Out-of-School Rate


The out-of-school rate is defined as the proportion of children and young people in the official age range who are not enrolled in pre-primary, primary, secondary, or higher levels of education. It is designed to show how many children or youth in each country or region should be enrolled in school but are not.

Today, there are 250 million children out of school, a rise of 6 million from the year before, largely as a result of the mass exclusion of girls from education in Afghanistan but also of slow progress around the world.

These numbers means that if you took six children at random from around the world, one of them would likely not be in school today. Not being on track with countries’ SDG 4 benchmark targets already means that 58 million who should have been in school already by now, if progress were steady, have been denied their chance to go to primary school. But we can turn progress around.  We need to enrol a child every 2 seconds between now and 2030 if countries are to achieve their targets.

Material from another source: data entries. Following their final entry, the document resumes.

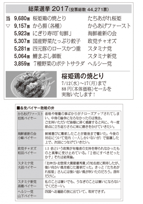 サミットnews|総菜選挙2017「桜姫鶏の焼とり」当選! 公約88円セール実行
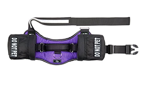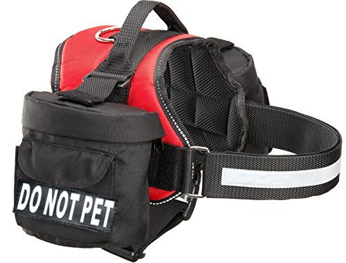 -. Binding : Misc. -. Brand : Doggie Stylz -. Feature : 2 removable reflective Velcro patches one for each side of harness / 2 removable saddle bags that feature interchangeable Velcro identifying panels / Reflective strip and lettering on both sides for added safety / Underside is made of Neoprene which adds reinforcement and guards against abrasions / 2 Adjustable Straps for premium & custom fit -. Label : Doggie Stylz -. Manufacturer : Doggie Stylz -. PackageQuantity : 1 -. ProductGroup : Pet Products -. ProductTypeName : PET_SUPPLIES -. Publisher : Doggie Stylz -. Studio : Doggie Stylz -. Title : Do Not Pet Dog Harness vest with Removable Saddle Bag Backpack Harness Carrier Traveling. 2 removable DO NOT PET Velcro patches. Please measure dog before ordering.
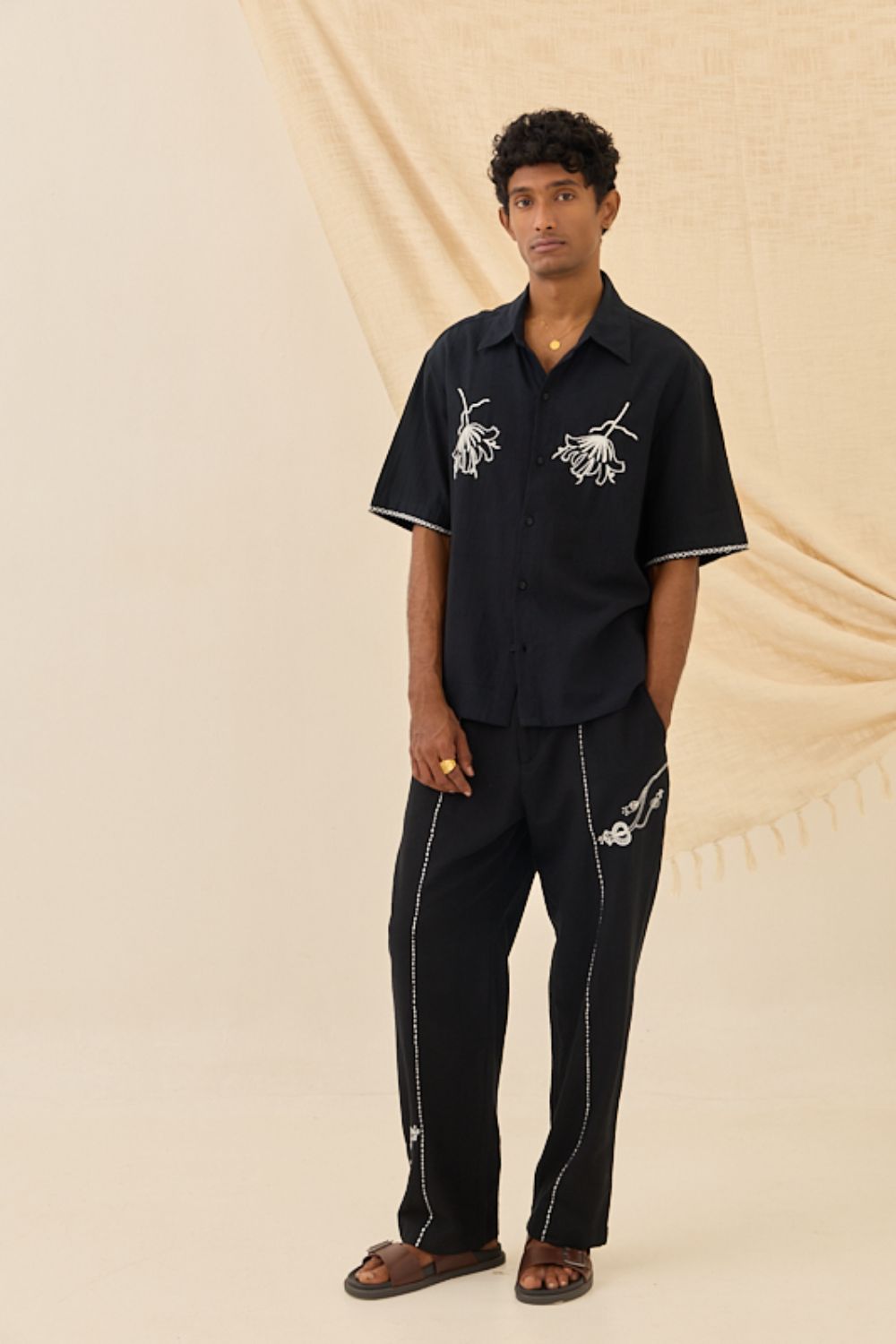A boxy fit, short-sleeved black shirt with an open collar. The shirt is beautifully accented with bold white hand-embroidery of large, stylized floral motifs on the chest. White contrast hand embroidery outlines the sleeve hems and there is a heart embroidery at the back yoke, pairing rustic texture with intricate needlework.
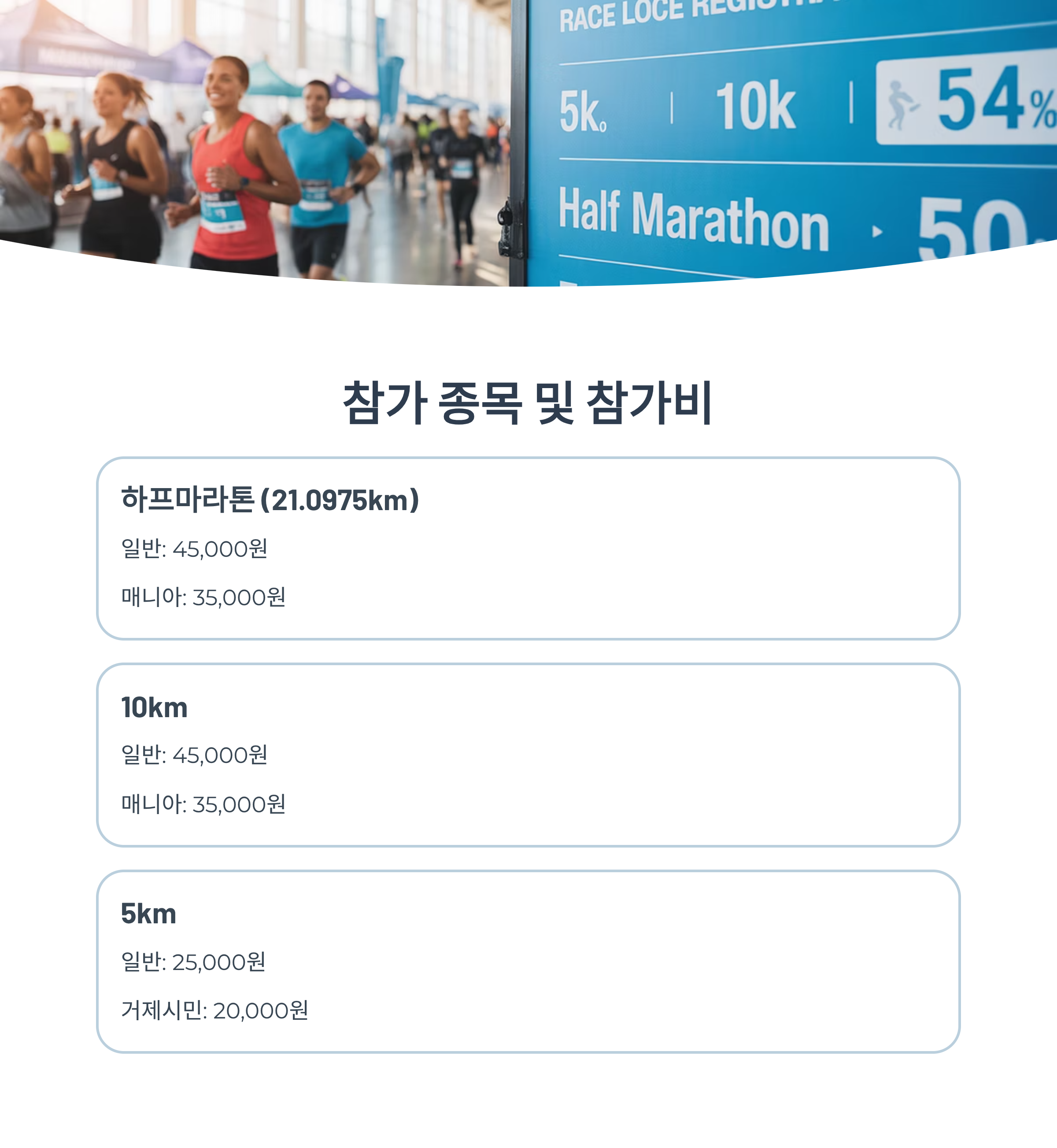 📢 이 대회는 매년 10월에 개최되는 전통 있는 마라톤 행사로, 전국의 마라톤 애호가들이 참가하는 인기 대회입니다.참가 종목 및 참가비 안내
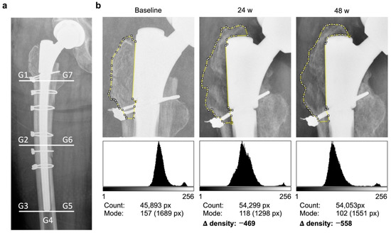 Workflow of the semi-quantitative relative bone density measurement method using ImageJ involving (a) the subdivision into seven periprosthetic Gruen zones (G). (b) Example case of proven bone density loss in zone G1 after prosthesis revision due to periprosthetic fracture. After subdividing the proximal femur into the periprosthetic zones on a conventional AP pelvis standing radiograph, each region was individually tagged with the polygon tool as depicted for G1. ImageJ defined the total number of enclosed pixels (Count) and the measured modal gray values (Mode) together with the corresponding number of pixels as in the displayed histograms. Due to the modal value, external influences, such as the cerclage in this case, had no influence on the result. Then, the modal gray value was normalized with the results of the measurement of the high and low zones of each radiograph. The differences of these scores to the perioperative baseline objectively represented the remodeling of bone density as Δ-density and could thereby prove the decrease of bone density in G1 in the present case.
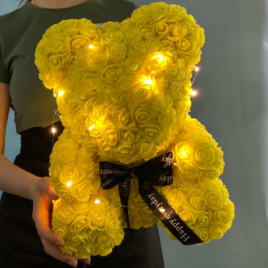 На фото желтый мишка из роз с огоньками. В составе: . Все цветы свежие и ароматные, букет красиво оформлен и отлично подходит для подарка. Доступна доставка цветов или самовывоз.
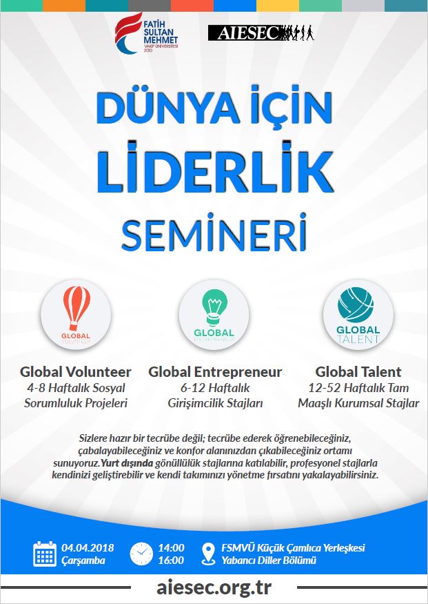 Fatih Sultan Mehmet Vakıf Üniversitesi Yabancı Diller Bölümü ve AIESEC ortaklığında Dünya için Liderlik Semineri düzenlenecek. Üniversite öğrencileri ve mezunlar için sosyal sorumluluk ve profesyonel staj imkânları sunan, şirketler ve sivil toplum kuruluşlarını farklı ülkelerdeki genç yeteneklerle buluşturan gençlik organizasyonu AIESEC, seminerde öğrencilere yönelik projelerini anlatacak.
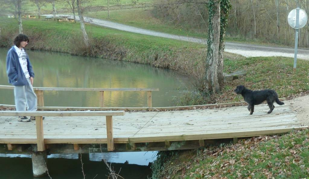Beuh; j'aime l'eau mais pas les ponts... Heureusemement que le frere de ma maîtresse et elle m'encouragent!!!

This website consolidates out-of-school rate information from a variety of sources in order to produce complete and more coherent estimates as is described in more detail below the graph

We invite users to explore breakdowns by region, income group, level, and sex below. Data can be explored by country as well.

How are these figures calculated?

The out-of-school rate is frequently reported in two ways. It can be expressed as:

  1. A percentage of the population in the official age range for a given level of education, or
  2. The total number of children and young people out-of-school.

Computing the out-of-school rate relies on the use of administrative data capturing student enrollment by age and sex, collected and disseminated by Ministries of Education. As a direct source, these data should in theory provide a ‘gold standard’ for estimating the out-of-school rate and other enrollment indicators. However, there are challenges involved with this type of data. Many countries do not currently have the data infrastructure necessary to produce complete and reliable enrollment counts. Secondly, population estimates must be sourced separately from administrative enrollment counts resulting in inconsistencies.

Alternatively, survey data can be used to compute the out-of-school rate. Household surveys typically include questions regarding the attendance status of children and young people in the household. However, survey data have their own set of challenges. Survey providers have distinct approaches and samples, creating the possibility of inconsistencies. Household surveys are also infrequent and thus require methods that can produce estimates in between waves.

The distinct challenges faced by the two sources of data necessitate approaches that can consolidate out-of-school rate information from a variety of sources and produce complete and coherent estimates. To fulfill this need, the UIS and the GEM Report have developed a statistical model to estimate out-of-school rates. The purpose of this website is to present national, regional, and global estimates of out-of-school rates and numbers and explain the thinking behind the decisions made to address the challenges in modelling this specific indicator.